> _Task to complete_: Without the pictures, write out all the lines below exactly as they appear.

> _Provided data_:
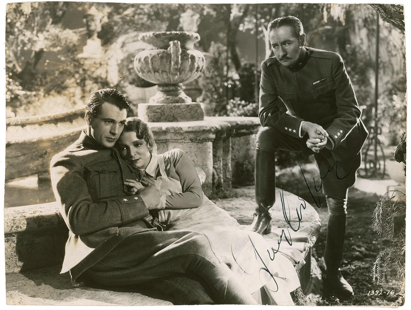 Vintage glossy 9.25 x 7 photo from A Farewell to Arms, signed in black fountain pen. Surface creasing and rippling, trimmed edges, areas of chipping, moderate contrast to the signature, and some light toning and emulsion irregularities to the left half of the photo, otherwise very good condition. Extremely scarce in signed photos from his classic Hemingway film. Pre-certified PSA/DNA and RRAuction COA.
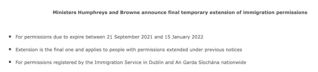 9月14日,愛爾蘭司法部長Heather Humphreys和移民部長James Browne宣布:再次臨時延長簽證許可至2022年1月15日。
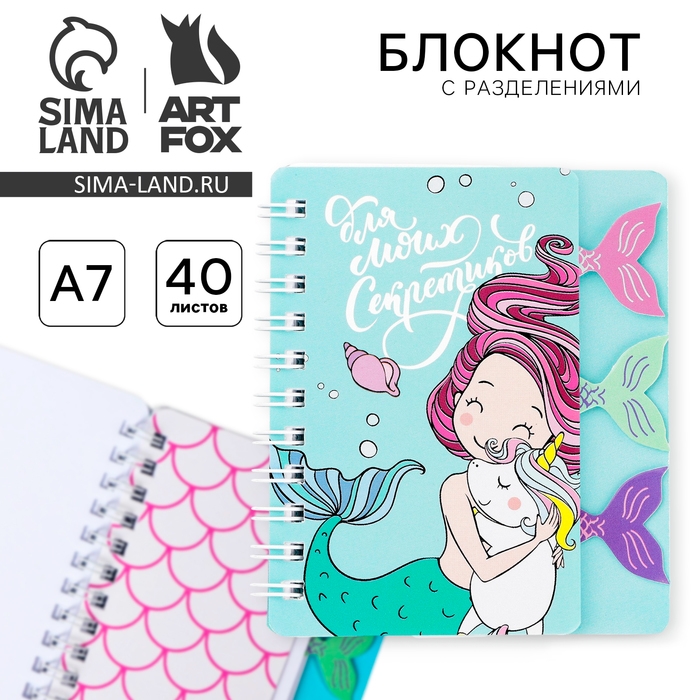 Блокнотик с разделителями "Русалочка", А7, 40 л
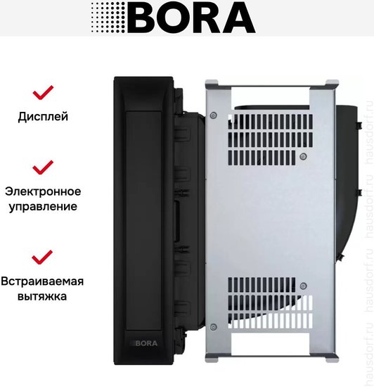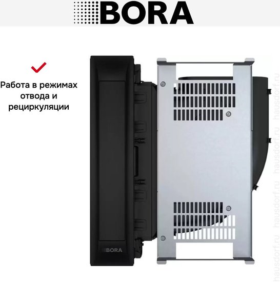 ✅Ключевые характеристикиВстраиваемая кухонная вытяжка профессионального класса, рассчитанная на установку в столешницу. Подходит для небольших и средних кухонь, обладает габаритами 17.6x48.2x54 см, работает в режимах отвода и циркуляции, оснащена электронным управлением и дисплеем. Количество скоростей - 9, максимальный уровень шума - 65 дБ, потребляемая мощность - 550 Вт. Корпус выполнен из нержавеющей стали, жироулавливающий фильтр можно мыть в посудомоечной машине.✅Преимущества и отличияМодель выделяется автоматическим открытием/закрытием крышки и возможностью интеграции с варочными панелями через систему Hob-hood connection. Высокий класс энергоэффективности A++ обеспечивает экономичное энергопотребление. Вытяжка поддерживает установку воздуховода с поворотом вправо или влево и подходит как для газовых, так и индукционных варочных панелей.✅ПрактичностьУстройство совместимо с системами BORA Ecotube и легко подключается к различным коммуникациям. Для удобства пользователя предусмотрен жироулавливающий фильтр из нержавеющей стали, пригодный для мытья в посудомоечной машине, а также интуитивно понятное электронное управление с поворотными переключателями и дисплеем. В комплекте есть поддон для сбора жидкости/жира и монтажный набор.✅УникальностьВытяжка оснащена демо-режимом, автоматическим выбором оптимального режима работы с помощью датчика, а также функцией автоматического открытия и закрытия крышки. Поддерживается точная регулировка скорости, что позволяет эффективно очищать воздух без лишнего шума и затрат электроэнергии. Дизайн профессионального уровня помогает органично вписать устройство в современный интерьер кухни.✅Ключевые характеристикиВстраиваемая кухонная вытяжка профессионального класса, рассчитанная на установку в столешницу. Подходит для небольших и средних кухонь, обладает габаритами 17.6x48.2x54 см, работает в режимах отвода и циркуляции, оснащена электронным управлением и дисплеем. Количество скоростей - 9, максимальный уровень шума - 65 дБ, потребляемая мощность - 550 Вт. Корпус выполнен из нержавеющей стали, жироулавливающий фильтр можно мыть в посудомоечной машине.✅Преимущества и отличияМодель выделяется автоматическим открытием/закрытием крышки и возможностью интеграции с варочными панелями через систему Hob-hood connection. Высокий класс энергоэффективности A++ обеспечивает экономичное энергопотребление. Вытяжка поддерживает установку воздуховода с поворотом вправо или влево и подходит как для газовых, так и индукционных варочных панелей.✅ПрактичностьУстройство совместимо с системами BORA Ecotube и легко подключается к различным коммуникациям. Для удобства пользователя предусмотрен жироулавливающий фильтр из нержавеющей стали, пригодный для мытья в посудомоечной машине, а также интуитивно понятное электронное управление с поворотными переключателями и дисплеем. В комплекте есть поддон для сбора жидкости/жира и монтажный набор.✅УникальностьВытяжка оснащена демо-режимом, автоматическим выбором оптимального режима работы с помощью датчика, а также функцией автоматического открытия и закрытия крышки. Поддерживается точная регулировка скорости, что позволяет эффективно очищать воздух без лишнего шума и затрат электроэнергии. Дизайн профессионального уровня помогает органично вписать устрой

> _Answer for this exercise_:
 Vintage glossy 9.25 x 7 photo from A Farewell to Arms, signed in black fountain pen. Surface creasing and rippling, trimmed edges, areas of chipping, moderate contrast to the signature, and some light toning and emulsion irregularities to the left half of the photo, otherwise very good condition. Extremely scarce in signed photos from his classic Hemingway film. Pre-certified PSA/DNA and RRAuction COA.
 9月14日,愛爾蘭司法部長Heather Humphreys和移民部長James Browne宣布:再次臨時延長簽證許可至2022年1月15日。
 Блокнотик с разделителями "Русалочка", А7, 40 л
 ✅Ключевые характеристикиВстраиваемая кухонная вытяжка профессионального класса, рассчитанная на установку в столешницу. Подходит для небольших и средних кухонь, обладает габаритами 17.6x48.2x54 см, работает в режимах отвода и циркуляции, оснащена электронным управлением и дисплеем. Количество скоростей - 9, максимальный уровень шума - 65 дБ, потребляемая мощность - 550 Вт. Корпус выполнен из нержавеющей стали, жироулавливающий фильтр можно мыть в посудомоечной машине.✅Преимущества и отличияМодель выделяется автоматическим открытием/закрытием крышки и возможностью интеграции с варочными панелями через систему Hob-hood connection. Высокий класс энергоэффективности A++ обеспечивает экономичное энергопотребление. Вытяжка поддерживает установку воздуховода с поворотом вправо или влево и подходит как для газовых, так и индукционных варочных панелей.✅ПрактичностьУстройство совместимо с системами BORA Ecotube и легко подключается к различным коммуникациям. Для удобства пользователя предусмотрен жироулавливающий фильтр из нержавеющей стали, пригодный для мытья в посудомоечной машине, а также интуитивно понятное электронное управление с поворотными переключателями и дисплеем. В комплекте есть поддон для сбора жидкости/жира и монтажный набор.✅УникальностьВытяжка оснащена демо-режимом, автоматическим выбором оптимального режима работы с помощью датчика, а также функцией автоматического открытия и закрытия крышки. Поддерживается точная регулировка скорости, что позволяет эффективно очищать воздух без лишнего шума и затрат электроэнергии. Дизайн профессионального уровня помогает органично вписать устройство в современный интерьер кухни.✅Ключевые характеристикиВстраиваемая кухонная вытяжка профессионального класса, рассчитанная на установку в столешницу. Подходит для небольших и средних кухонь, обладает габаритами 17.6x48.2x54 см, работает в режимах отвода и циркуляции, оснащена электронным управлением и дисплеем. Количество скоростей - 9, максимальный уровень шума - 65 дБ, потребляемая мощность - 550 Вт. Корпус выполнен из нержавеющей стали, жироулавливающий фильтр можно мыть в посудомоечной машине.✅Преимущества и отличияМодель выделяется автоматическим открытием/закрытием крышки и возможностью интеграции с варочными панелями через систему Hob-hood connection. Высокий класс энергоэффективности A++ обеспечивает экономичное энергопотребление. Вытяжка поддерживает установку воздуховода с поворотом вправо или влево и подходит как для газовых, так и индукционных варочных панелей.✅ПрактичностьУстройство совместимо с системами BORA Ecotube и легко подключается к различным коммуникациям. Для удобства пользователя предусмотрен жироулавливающий фильтр из нержавеющей стали, пригодный для мытья в посудомоечной машине, а также интуитивно понятное электронное управление с поворотными переключателями и дисплеем. В комплекте есть поддон для сбора жидкости/жира и монтажный набор.✅УникальностьВытяжка оснащена демо-режимом, автоматическим выбором оптимального режима работы с помощью датчика, а также функцией автоматического открытия и закрытия крышки. Поддерживается точная регулировка скорости, что позволяет эффективно очищать воздух без лишнего шума и затрат электроэнергии. Дизайн профессионального уровня помогает органично вписать устрой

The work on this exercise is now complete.